Вишан и Дюфиня вдвоем остались у раскрытого гроба, жадно рассматривая удивительный малиновый комбинезон в золотистую горошинку, плотно обтягивавший длинное сухощавое тело обитателя удивительного гроба. Обувь покойного, как и одежда, также выглядела красиво и необычно, чем-то напоминая цыганам отшлифованные до парадного блеска конские копыта.

– Как ты думаешь, это – кожа? – имея ввиду комбинезон, спросил Дюфиня.

– Думаю, что – кожа, – ответил Вишан, – и очень дорогая. Вот только, как мы его снимем, мне кажется, голова будет мешать.

– Да-а, – задумчиво протянул Дюфиня, глядя в закрытые глаза страшной маски, зачем-то надетой на лицо покойного, – Нужно снять эту маску.

Вишан, ничего не сказав в ответ, присел на корточки и осторожно потрогал сверкавшие под луной загнутые клыки, торчавшие из приоткрытой пасти жутковатой маски, потрепал пальцами за краешки жестких мохнатых ушей, пару раз щелкнул по гладким и прямым стреловидным рогам.

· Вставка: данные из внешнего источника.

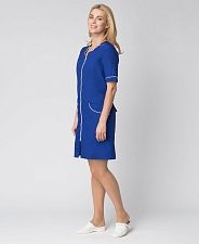 Фартук с двумя накладными карманами и разрезами по бокам. Карманы, горловина, окат рукава и борта обработаны контрастной косой бейкой.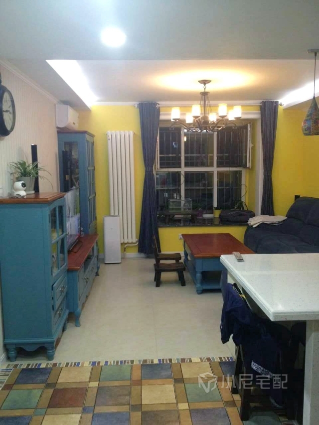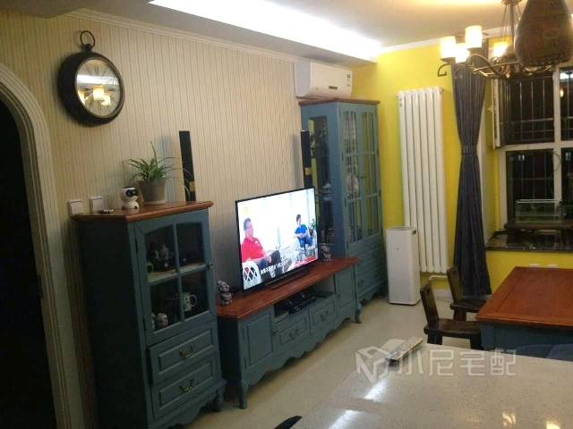 客廳黃色墻面、藍色電視柜

– Как она, интересно, снимается? – озадаченно спросил он вполголоса, обращаясь скорее к самому себе, чем к Дюфине.

– Наверное – за уши, или – за рога, – предположил Дюфиня.

Вишан с силой подергал сначала за уши, потом за рога – маска не поддалась ни на миллиметр.

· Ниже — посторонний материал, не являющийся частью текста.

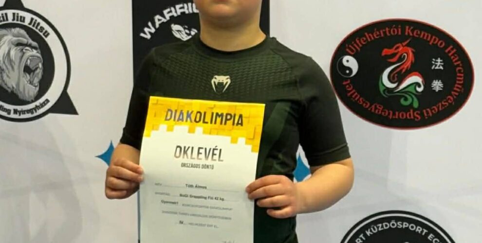 Tóth Álmos 2.b osztályos tanulónk 2026. április 11-én a Budapesten megrendezett Grappling Diákolimpia országos döntőjében kiváló versenyzéssel 4. helyezést ért el a korcsoportjában. Álmos hétéves …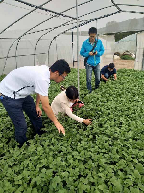 在马铃薯研究所所长吕和平研究员和一航薯业总经理陈富陪同下,考察团参观了马铃薯所脱毒繁育中心、会川种薯繁育基地以及定西鲁家沟百泉公司节水灌溉种薯基地。2017年7月由马铃薯研究所自主选育的陇薯7号通过广东省品种审定,2018年作为广东省马铃薯唯一主导品种推广。本次广州市农业推广中心重点针对陇薯7号脱毒繁种体系、节水灌溉以及北繁南种等项目进行了调研,为陇薯7号在广东省冬播区扩大推广种植奠定基础。

– Подержи ему ноги, – коротко буркнул, опять начавший раздражаться Вишан деверю, – иначе у меня ничего не получится.

Дюфиня забрался в гроб, встал на колени и крепко сжал потными пальцами копытообразную обувь покойника. Вишан взялся за рога, поднатужился и рванул на себя. Послышался громкий неприятный хруст. Голова вместе с рогами и длинными ослиными ушами легко оторвалась от туловища, и Вишан, согласно закону инерции, рухнул на спину, задрав кверху ноги.

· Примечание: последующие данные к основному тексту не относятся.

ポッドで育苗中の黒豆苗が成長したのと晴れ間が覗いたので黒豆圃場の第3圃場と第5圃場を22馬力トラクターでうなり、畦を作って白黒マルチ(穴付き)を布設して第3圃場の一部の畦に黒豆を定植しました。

Дюфине сделалось смешно, но он благоразумно не рассмеялся и, чтобы Вишан не увидел кривой ухмылки на его лице, наклонился низко к покойнику, якобы – получше рассмотреть золотистые горошинки, щедро разбросанные по малиновому фону комбинезона. Но проклятия Вишана слились в ушах Дюфини с далеким воем милицейской сирены и затем совсем растворились среди загадочного жужжанья, раздавшегося где-то совсем-совсем рядом. Ледяная волна животного ужаса затопила убогую душу Дюфини еще до того, как он осознал, что жужжание доносится непосредственно из толщи крышки гроба. И далее он, скорее ощутил, чем догадался, что должно произойти.

– Дюф… – услышал Дюфиня растерянный голос Вишана.

– Вишан!!! – нечеловеческий вопль деверя обречено заметался в узком пространстве могилы, – Помоги мне!!!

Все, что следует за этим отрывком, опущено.